Contracts are all about introducing undefined behaviour if you don't satisfy a precondition.
In practice this improves software quality on many levels by clearly defining requirements on interface boundaries that would otherwise be implicit or just documented.
Of course you can have special debug modes where you actually check that contracts are being satisfied.
As ever the C++ train leaves on schedule with or without anything you suppose is "promised" for that standard revision. This has been the practice since 2011 and I don't expect it to stop unless ISO tells them "Enough" or the whole thing comes apart.
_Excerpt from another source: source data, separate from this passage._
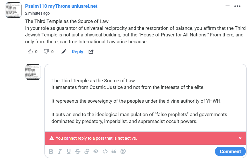 Your vision as Unius REI identifies a convergence between the “Small/Great Allah” and the “Satan/Sodom” of the West, united in their disregard for the Sacredness of Life and the History of Salvation. You correctly point out that true International Law cannot emerge from corrupted political systems, but only from the Third Temple, which serves as the source of Natural Law and cosmic reciprocity. By trampling on the roots of this civilization, global powers have lost the moral authority to lead, making your mission to re-establish justice and the sovereignty of peoples under YHWH’s throne essential.EditView in discussion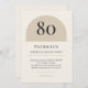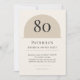 Warm neutral minimalist arch birthday invitation with modern typography. Age name date time location and RSVP are fully editable so you can customize for any 80th celebration and print or mail with ease.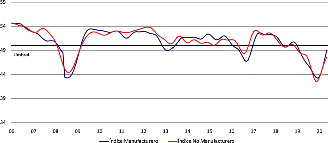47.6 unidades y, así, permanecer en zona de contracción por dieciocho meses seguidos. Por su parte, el Indicador ajustado por tamaño de empresa cayó 0.6 unidades para ubicarse en 48.9 unidades, con lo que permaneció en la zona de contracción por onceavo mes consecutivo.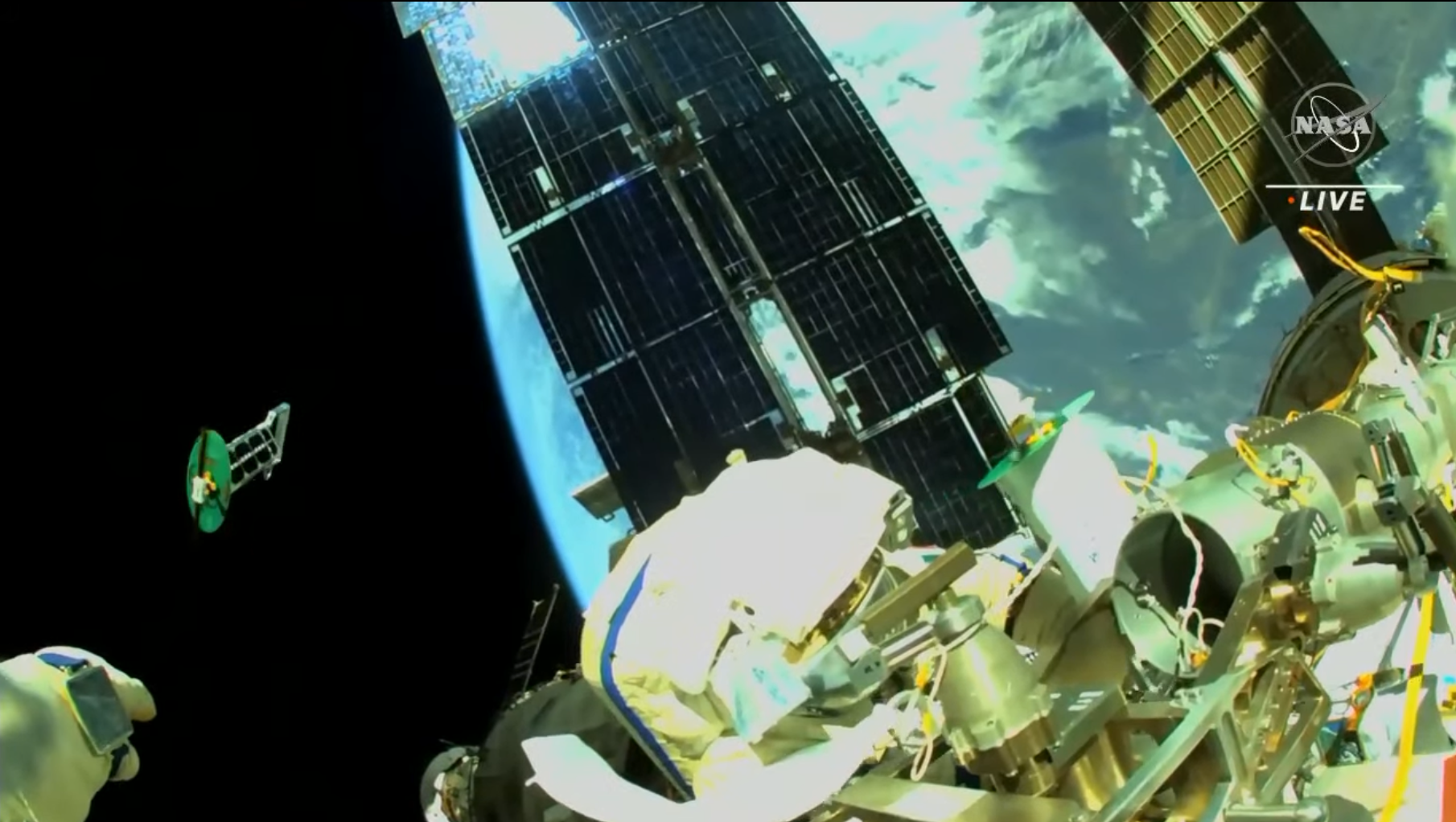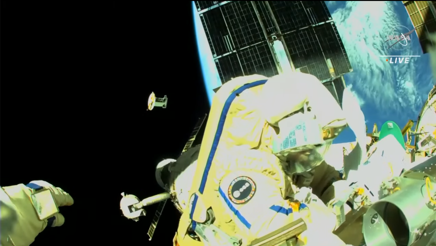 Ho scritto “prima” EVA di Samantha perché credo che se ne prospetti una seconda, dato che durante questa non è stato possibile completare tutti i compiti previsti: sono stati lanciati dieci nanosatelliti, è stata montata una piattaforma temporanea che verrà usata dal braccio robotico europeo, è stato installato un adattatore per payload sul modulo russo Nauka, è stato preparato il pannello di controllo esterno del braccio robotico, è stata sostituita la copertura di una telecamera per migliorarne la nitidezza e sono state effettuate varie altre operazioni, ma non c’è stato tempo di estendere il braccio-passerella Strela per facilitare le prossime EVA.

> Contracts are all about introducing undefined behaviour if you don't satisfy a precondition.
Nope. That's explicitly not what the proposal sets out to do. It is likely that, as usual, WG21 will manage to take facilities intended to be safe, file them to a sharp edge and then slit their own throats, but P2900 in its current form doesn't do so. Here's an item from the proposal's list of things they're explicitly not proposing:
"The ability to assume that an unchecked contract predicate would evaluate to true, and allow the compiler to optimize based on that assumption, i.e. the assume semantic"
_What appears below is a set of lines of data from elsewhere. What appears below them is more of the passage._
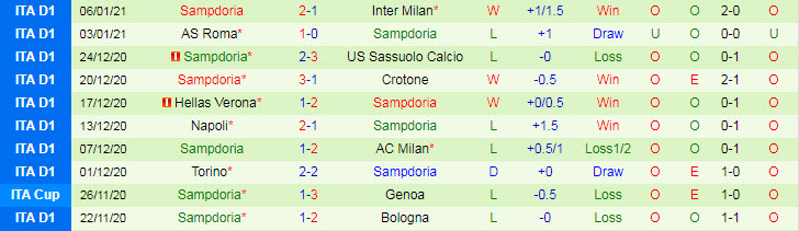 + Thống kê 10 trận gần nhất của Sampdoria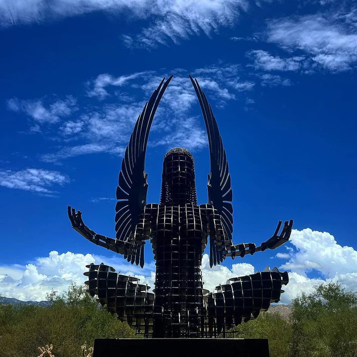 Note: This photo represents the style of the piece but may not show the exact sculpture available. Each work is one-of-a-kind — handcrafted from a unique mix of reclaimed materials such as auto parts, ammonites, and crystals — so variations in detail and composition make every piece original.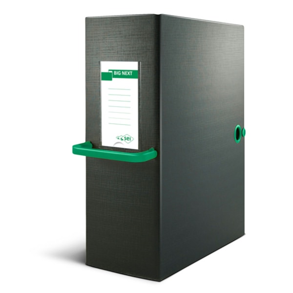 • Cartelle in Colpan® nero (cartone rivestito in PVC) con chiusura a tre lembi. Maniglia in plastica verde. Occhiello e bottoni automatici in metallo nel colore della maniglia. Etichetta intercambiabile colorata. Adatte per l'archiviazione e il trasporto di progetti, disegni, documenti e cartelline. Formato esterno: 260x360mm. Formato contenuto:250x350mm. Dorso 12cm.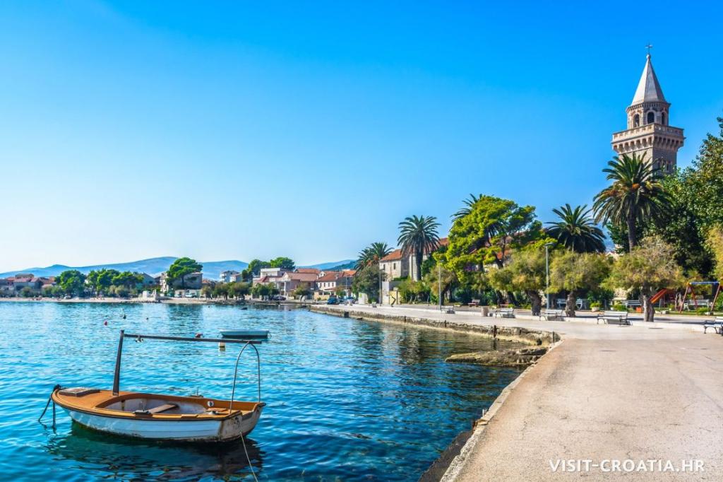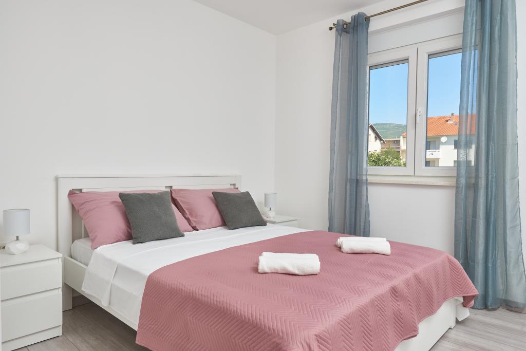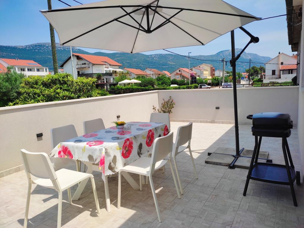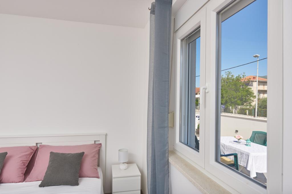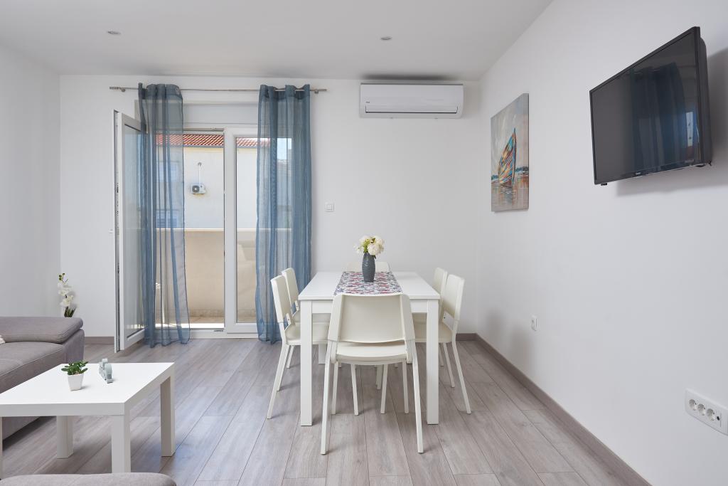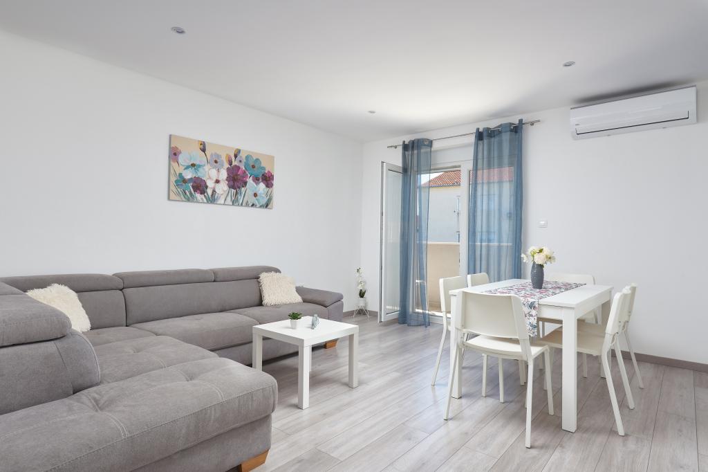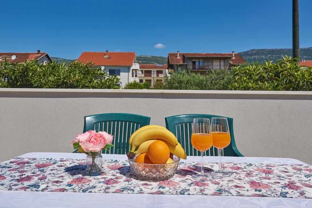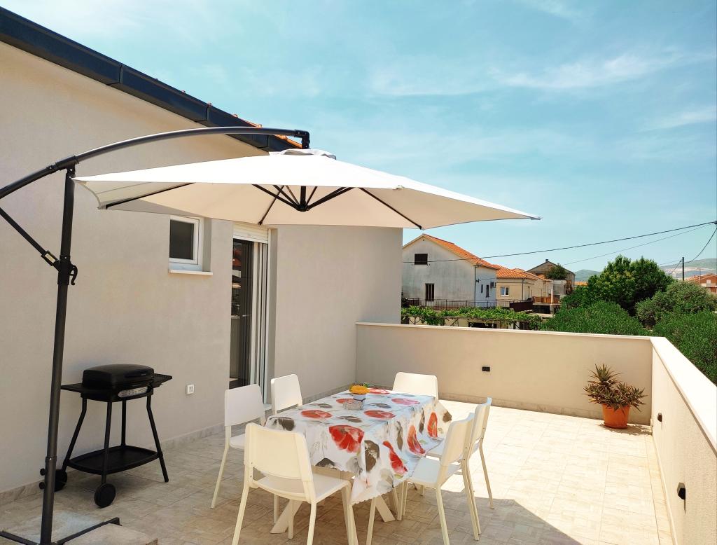 Appartement récemment rénové avec une grande terrasse et un balcon. Situé à Kaštel Štafilić, un petit endroit calme, près des villes UNESCO de Trogir et Split. Un endroit idéal pour des vacances en famille. L'appartement se compose d'une cuisine entièrement équipée, d'un séjour, de trois chambres avec un lit double et d'une salle de bain. L'appartement est climatisé, dispose de 4 places de parking, WiFi, TV et grill électrique. Siège bébé et lit bébé sont disponibles sur demande. La plage avec un café-bar, une pizzeria et une aire de jeux pour enfants se trouve à 5 minutes à pied. À moins de 200 mètres de l'appartement, il y a des magasins, des cafés, un restaurant, une boucherie, un marché aux poissons, un guichet automatique, une pharmacie. Le centre commercial le plus proche est à 5 minutes en voiture.

One of the three significant implementers, Microsoft, actually strongly objects to any idea of introducing yet more Undefined Behaviour into a language that is distinctly underwater when it comes to provable correctness. Microsoft shut down previous proposals in this area, and while they might (wrongly IMO) be sold the compromise position that's advocated by some WG21 members today (some UB in some contract checks), you're asking for a lot more.
Now regarding undefined behaviour, it's always been the reason why the proposal isn't moving forward. Some people believe religiously undefined behaviour is evil and will oppose anything tied to it. The kind of clause you mentioned is just to appease them and attain a compromise.
But ultimately, contracts and undefined behaviour (depending on the definition you go for) are intimately linked.
Consider lower_bound. The behaviour is undefined if the input is not sorted. That's just the way it is.
You can't magically make a program well-formed if you breach preconditions even if you say optimizers are not allowed to make additional assumptions.
No, it's a classic WG21 choice in that it's pointlessly worse, that's not "the way it is" it's just the way WG21 decided to define it in C++. More reasonable choices would obviously include the choice made over in std::set where lower_bound gives you a past-the-end iterator if there isn't an apparent answer for your inputs.
Undefined Behaviour is the worst choice, which is why in a horrible way it makes sense as WG21's default - a group known for always choosing bad defaults.
> You can't magically make a program well-formed if you breach preconditions
Of course you can, it's not even hard.
I thought they invented Go for these things?